(Extracted data entries)
Start of Block

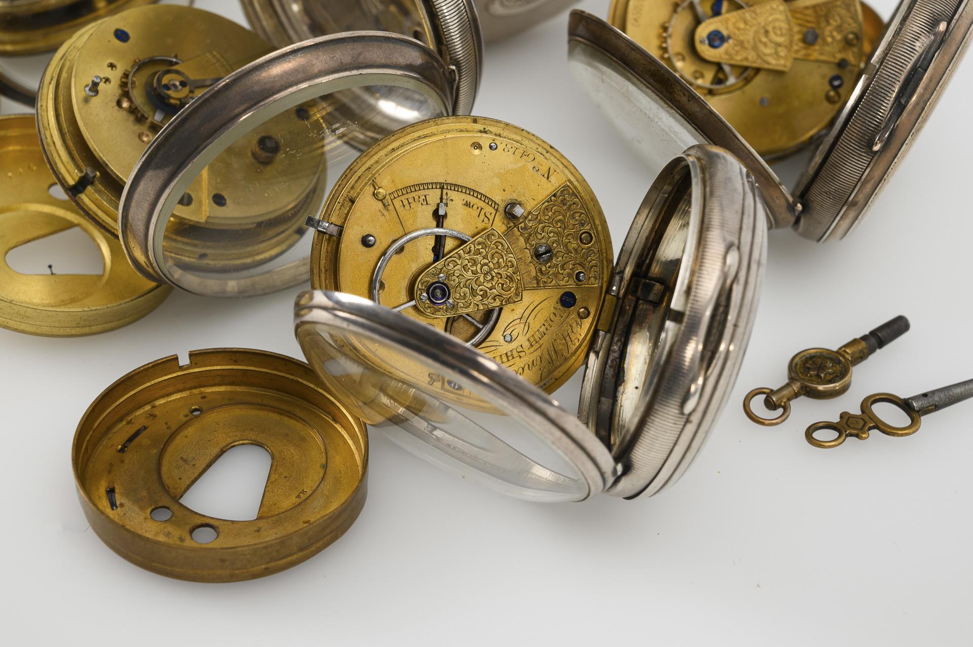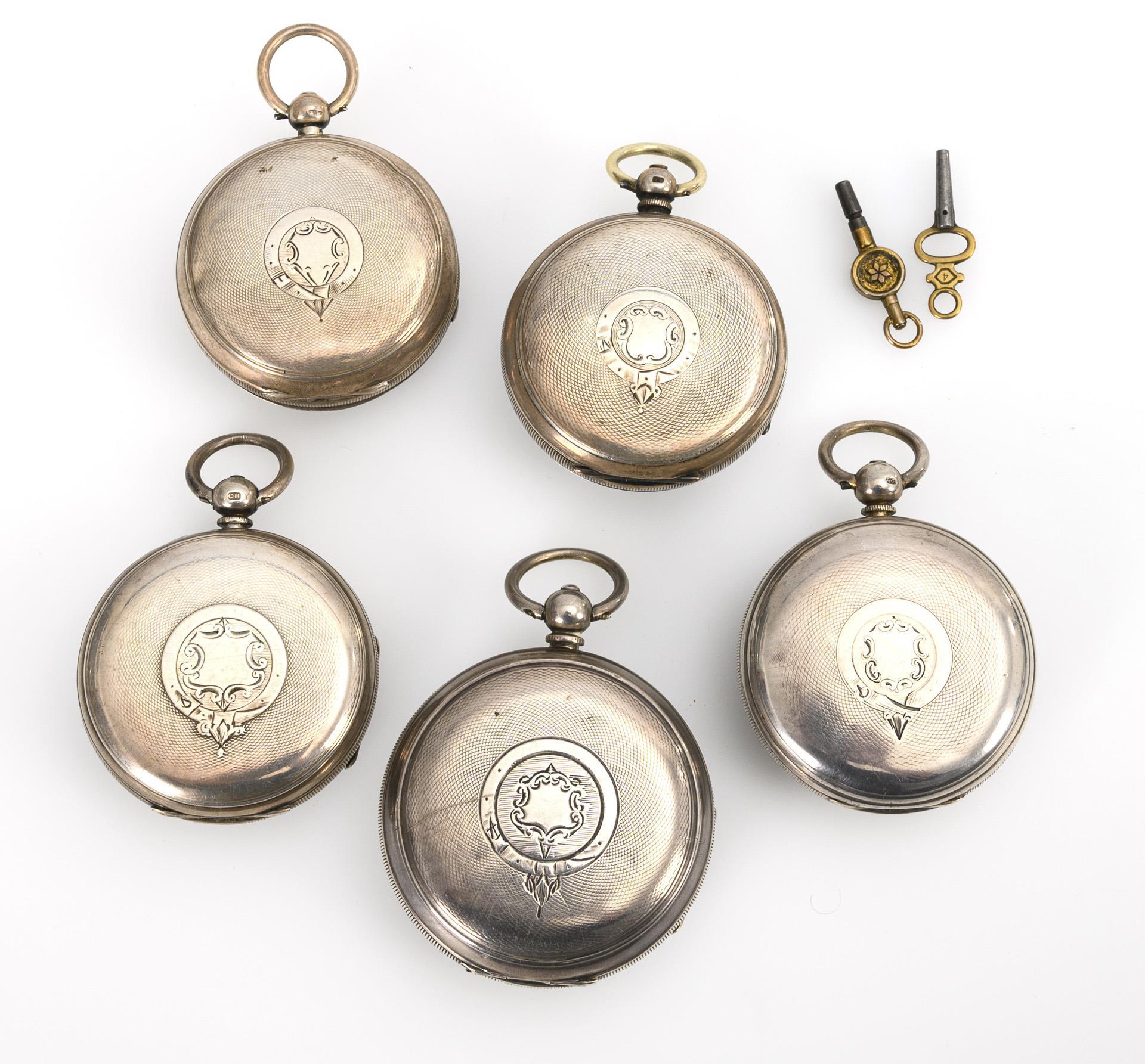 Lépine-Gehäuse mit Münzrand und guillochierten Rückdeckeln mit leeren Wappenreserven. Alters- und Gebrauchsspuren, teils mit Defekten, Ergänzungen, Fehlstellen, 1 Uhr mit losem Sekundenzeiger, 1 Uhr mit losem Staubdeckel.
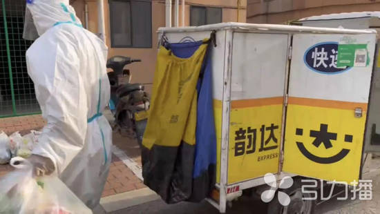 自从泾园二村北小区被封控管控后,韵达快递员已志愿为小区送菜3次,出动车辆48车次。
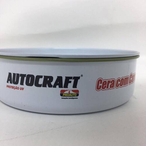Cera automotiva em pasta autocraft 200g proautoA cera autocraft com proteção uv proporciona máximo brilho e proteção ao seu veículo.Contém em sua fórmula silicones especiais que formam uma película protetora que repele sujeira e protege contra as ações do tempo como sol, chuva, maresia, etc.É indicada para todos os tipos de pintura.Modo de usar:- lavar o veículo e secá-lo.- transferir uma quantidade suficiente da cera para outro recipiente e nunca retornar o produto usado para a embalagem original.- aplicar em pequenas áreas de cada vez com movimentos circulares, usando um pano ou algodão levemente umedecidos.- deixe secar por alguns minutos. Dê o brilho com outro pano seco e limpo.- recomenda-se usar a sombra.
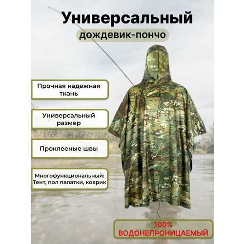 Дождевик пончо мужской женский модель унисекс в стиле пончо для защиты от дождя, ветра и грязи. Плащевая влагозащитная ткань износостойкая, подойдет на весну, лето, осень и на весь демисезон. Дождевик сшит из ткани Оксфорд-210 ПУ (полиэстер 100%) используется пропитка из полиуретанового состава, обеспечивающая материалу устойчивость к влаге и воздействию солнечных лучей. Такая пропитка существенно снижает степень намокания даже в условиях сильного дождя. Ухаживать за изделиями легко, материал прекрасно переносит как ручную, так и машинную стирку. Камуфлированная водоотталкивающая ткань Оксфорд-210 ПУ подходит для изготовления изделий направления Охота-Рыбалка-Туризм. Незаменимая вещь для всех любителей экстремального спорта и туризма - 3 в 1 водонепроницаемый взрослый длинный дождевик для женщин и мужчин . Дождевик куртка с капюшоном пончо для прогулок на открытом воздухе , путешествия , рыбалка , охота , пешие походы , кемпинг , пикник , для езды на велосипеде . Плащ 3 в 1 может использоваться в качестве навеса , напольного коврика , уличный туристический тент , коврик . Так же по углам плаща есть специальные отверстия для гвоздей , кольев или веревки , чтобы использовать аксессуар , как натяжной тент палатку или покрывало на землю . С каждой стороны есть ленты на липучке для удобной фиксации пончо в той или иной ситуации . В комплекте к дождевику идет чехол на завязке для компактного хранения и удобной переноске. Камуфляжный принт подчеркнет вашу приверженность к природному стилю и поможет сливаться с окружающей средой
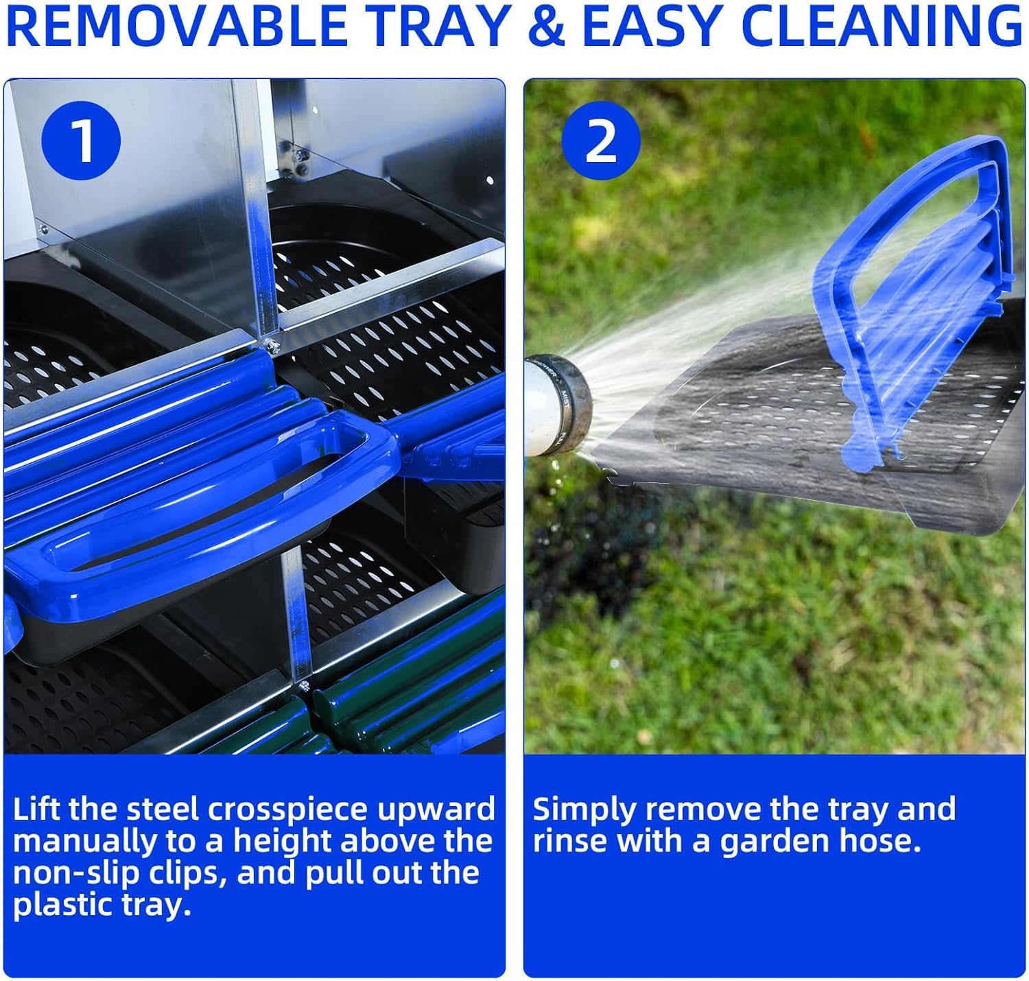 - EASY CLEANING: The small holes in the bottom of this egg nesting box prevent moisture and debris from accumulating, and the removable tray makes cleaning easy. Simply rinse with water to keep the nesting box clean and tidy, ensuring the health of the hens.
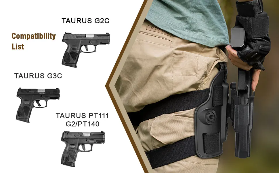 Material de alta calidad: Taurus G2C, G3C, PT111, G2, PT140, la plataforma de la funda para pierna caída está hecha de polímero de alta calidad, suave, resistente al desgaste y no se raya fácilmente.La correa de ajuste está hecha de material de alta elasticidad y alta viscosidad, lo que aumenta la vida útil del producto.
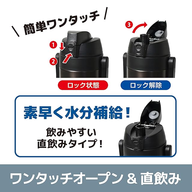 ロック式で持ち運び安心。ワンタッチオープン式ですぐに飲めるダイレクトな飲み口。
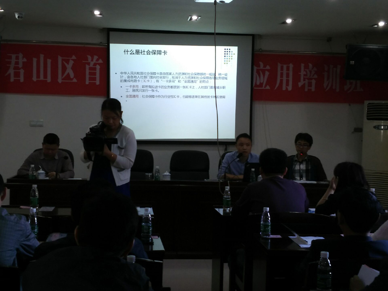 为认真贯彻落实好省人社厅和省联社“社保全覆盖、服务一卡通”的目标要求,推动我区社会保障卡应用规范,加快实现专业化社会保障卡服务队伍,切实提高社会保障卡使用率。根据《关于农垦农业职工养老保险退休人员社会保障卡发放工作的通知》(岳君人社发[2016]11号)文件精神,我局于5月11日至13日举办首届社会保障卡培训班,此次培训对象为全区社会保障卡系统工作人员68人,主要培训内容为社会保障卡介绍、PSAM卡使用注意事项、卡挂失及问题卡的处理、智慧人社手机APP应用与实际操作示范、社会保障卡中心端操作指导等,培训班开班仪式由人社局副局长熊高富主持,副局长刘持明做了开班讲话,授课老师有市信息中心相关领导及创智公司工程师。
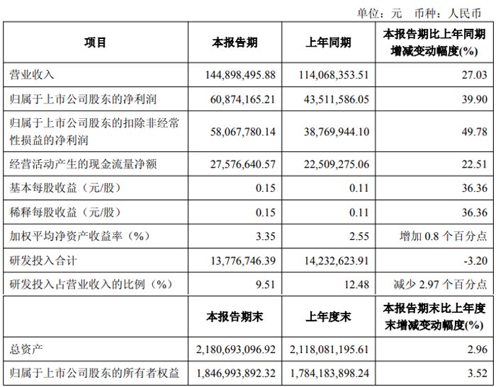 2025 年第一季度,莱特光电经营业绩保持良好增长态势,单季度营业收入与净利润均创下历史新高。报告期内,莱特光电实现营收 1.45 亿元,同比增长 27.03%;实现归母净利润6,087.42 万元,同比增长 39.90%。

End of Block

» Brief: Without any pictures, please write out the lines from the one containing "ロック式で持ち運び安心。ワンタッチオープン式ですぐに飲めるダイレクトな飲み口。" through the final line of the data, exactly and inclusive of both ends.

» Finished task:
 ロック式で持ち運び安心。ワンタッチオープン式ですぐに飲めるダイレクトな飲み口。
 为认真贯彻落实好省人社厅和省联社“社保全覆盖、服务一卡通”的目标要求,推动我区社会保障卡应用规范,加快实现专业化社会保障卡服务队伍,切实提高社会保障卡使用率。根据《关于农垦农业职工养老保险退休人员社会保障卡发放工作的通知》(岳君人社发[2016]11号)文件精神,我局于5月11日至13日举办首届社会保障卡培训班,此次培训对象为全区社会保障卡系统工作人员68人,主要培训内容为社会保障卡介绍、PSAM卡使用注意事项、卡挂失及问题卡的处理、智慧人社手机APP应用与实际操作示范、社会保障卡中心端操作指导等,培训班开班仪式由人社局副局长熊高富主持,副局长刘持明做了开班讲话,授课老师有市信息中心相关领导及创智公司工程师。
 2025 年第一季度,莱特光电经营业绩保持良好增长态势,单季度营业收入与净利润均创下历史新高。报告期内,莱特光电实现营收 1.45 亿元,同比增长 27.03%;实现归母净利润6,087.42 万元,同比增长 39.90%。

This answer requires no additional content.